Bob Reynolds, professor of geology at the University of Georgia, has teamed up with clergy, including a specialist from the Vatican, to investigate the recent discovery in sleepy Delia, Georgia, of a portal to hell.

According to police reports, local amateur spelunker Eugene Puckett inadvertently broke open the fissure while carving his initials into the wall of a local cave. Puckett was then swallowed up and is presumed to be dead and possibly suffering for eternity. Several days later, a group of teenagers heard strange wails coming from the cave and decided to investigate. While their female friends remained on the surface, seventeen-year-old Joshua Hicks and sixteen-year-old Kenny Nesbitt climbed down the near-vertical opening chamber with only improvised equipment.“It was super dark and creepy,” said Hicks, “and really hot.” After conducting a field sobriety test on the boys, and investigating the site, officer on the scene Nate Mackelroy had few other explanations for the phenomenon than what proved to be the case. “I mean, it looked like what you think of when you think of hell,” said the officer.

Word got out to local churches before Reynolds became aware of the anomaly, but his team was able to begin their investigation quickly.
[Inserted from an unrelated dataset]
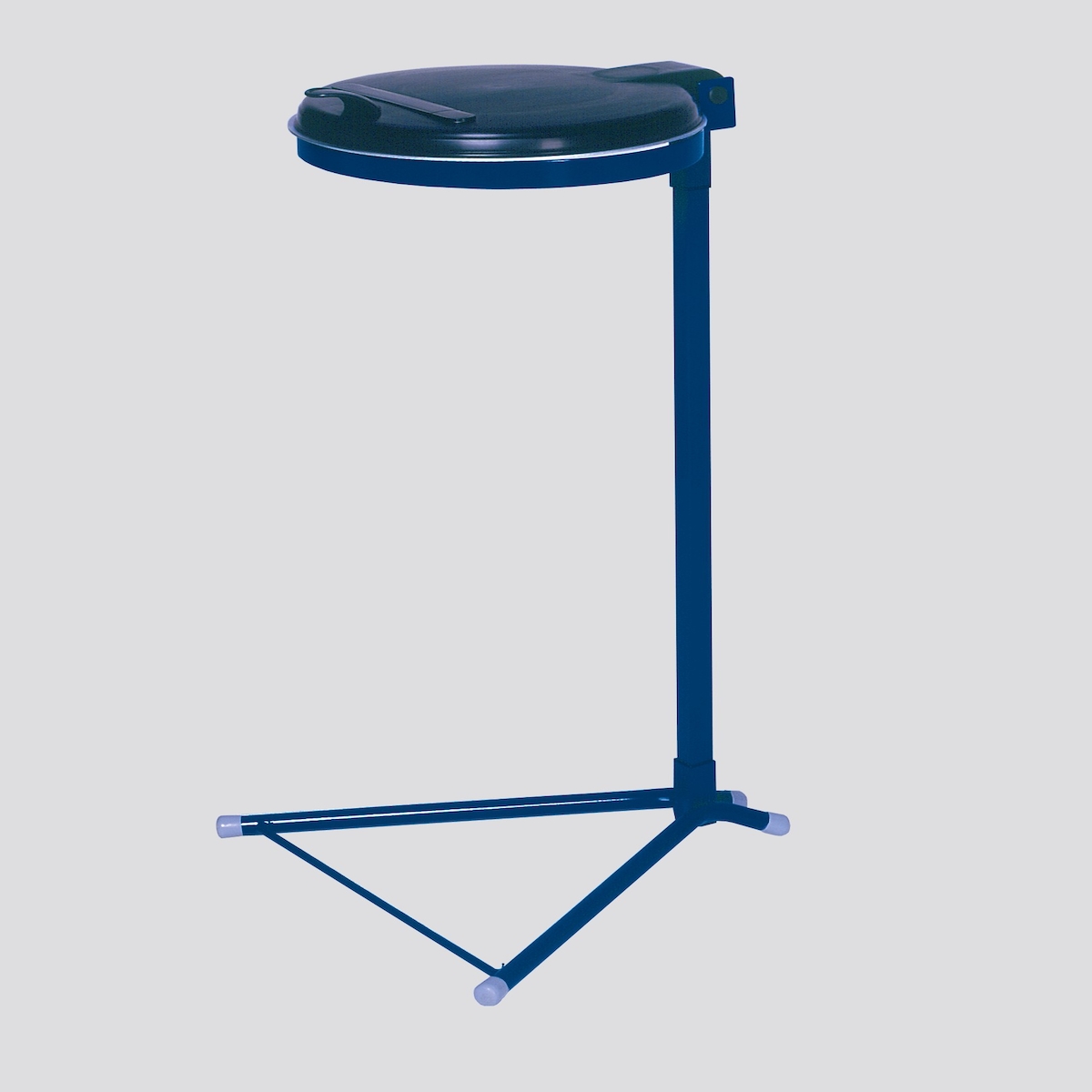 PROREGAL Robuster Abfallsammler mit Kunststoff-Deckel | mit Standfuß | HxBxT 98x50x48cm | Stahl | Blau-Schwarz | Mülleimer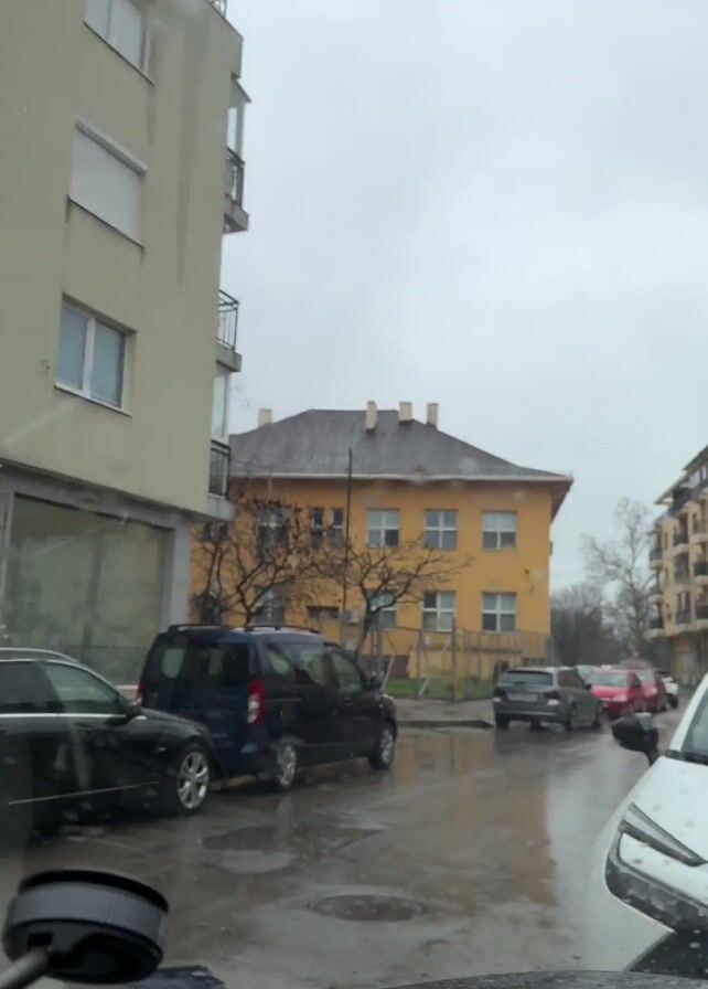 view from inside a car on a rainy day. The first shot looks through the front windshield at a white Toyota car and the street. There are buildings on both sides of the street. The camera then looks out the passenger side window at a yellow building with a sign that says "Бл. Теодора". A black station wagon is parked in front of the building. The camera then turns to the driver, a man wearing a black hooded sweatshirt. He is smiling and looking around.

Sadly, Reynolds lost one of his Ph.D. candidates during his team's first descent into the cavern. “I was just too intrigued and excited,” said Reynolds. When asked his scientific opinion of the portal, Reynolds hypothesizes a very ancient volcano under the flat Georgia field land. “This whole region used to be an ocean, so an active volcano could have been covered over by thousands of years of geological changes. But that wouldn’t explain the secondary effects.”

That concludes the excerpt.